The Fresnel simulator

Finally, we launch the built-in simulator. The simulator takes in a phantom, pulse, probe and a sequence of wave structures along with the desired sampling frequency, and returns a channel_data UFF structure.

sim=fresnel();

% setting input data
sim.phantom=pha;                % phantom
sim.pulse=pul;                  % transmitted pulse
sim.probe=prb;                  % probe
sim.sequence=seq;               % beam sequence
sim.sampling_frequency=41.6e6;  % sampling frequency [Hz]

% we launch the simulation
channel_data=sim.go();

USTB's Fresnel impulse response simulator (v1.0.7)
---------------------------------------------------------------

Beamformer

With channel_data and a scan we have all we need to produce an ultrasound image. We now use a USTB structure midprocess, that takes an apodization structure in addition to the channel_data and scan.

midproc=midprocess.das();
midproc.dimension = dimension.both;
midproc.channel_data=channel_data;
midproc.scan=uff.linear_scan('x_axis',x_axis,'z_axis',linspace(39e-3,41e-3,100).');

midproc.transmit_apodization.window=uff.window.scanline;
midproc.receive_apodization.window=uff.window.tukey50;
midproc.receive_apodization.f_number=1.7;

b_data=midproc.go();
b_data.plot([],'No MLA');

USTB General beamformer MEX v1.1.2 .............done!

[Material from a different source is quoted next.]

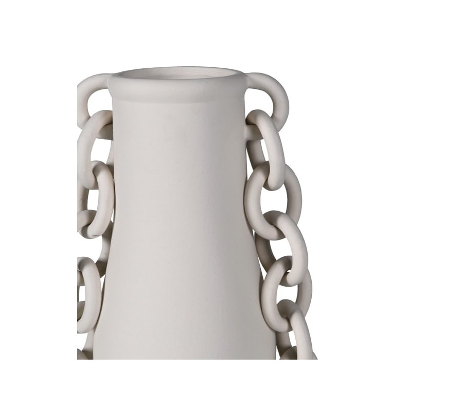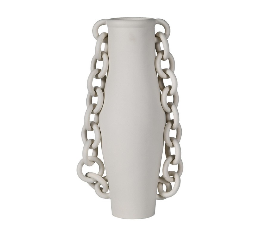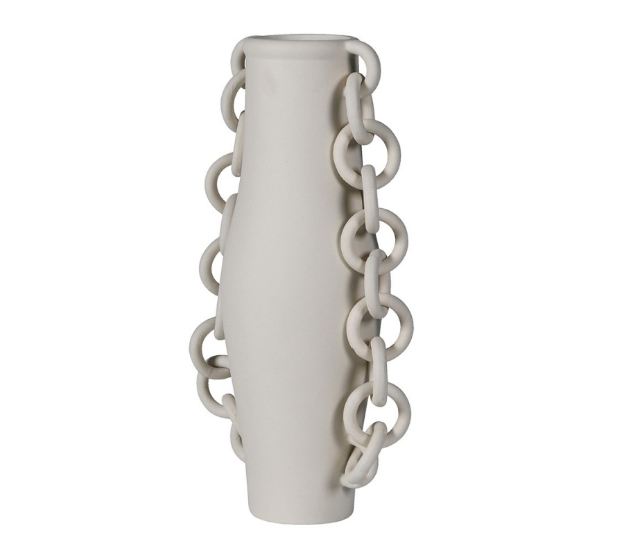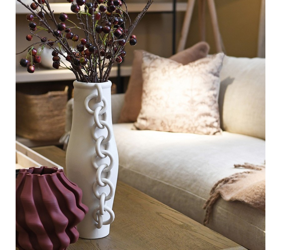 Moderná váza Chain je originálnym interiérovým doplnkom, ktorý zaujme na prvý pohľad. Vyrobená je z porcelánu v matne sivej farbe, ktorá pôsobí elegantne a nadčasovo. Jej štíhly, jemne zaoblený tvar zdobia po oboch stranách porcelánové dekoratívne reťaze, vďaka ktorým získava váza unikátny umelecký charakter.

The image is ok, but we can use multiline acquisition (MLA) to improve resolution. We choose to use MLA = 4 and we define a new scan where we increase the number of scan lines by a factor of 4. We also need to tell the apodization function that we will use MLA = 4 scheme.

MLA = 4;
midproc.scan=uff.linear_scan('x_axis',linspace(-2e-3,2e-3,MLA*N).','z_axis',linspace(39e-3,41e-3,100).');
midproc.transmit_apodization.MLA = MLA;
midproc.transmit_apodization.MLA_overlap = 0;
b_data=midproc.go();
b_data.plot([],'MLA=4, no overlap');

USTB General beamformer MEX v1.1.2 .............done!

Mmmm... Somewhat better. But we see a strange artifact between each MLA group. We can mitigate this effect introducing some MLA overlap

midproc.transmit_apodization.MLA_overlap = 2;
b_data=midproc.go();
b_data.plot([],'MLA=4, overlap=2');

uff.apodization: Inputs and outputs are unchanged. Skipping process.
USTB General beamformer MEX v1.1.2 .............done!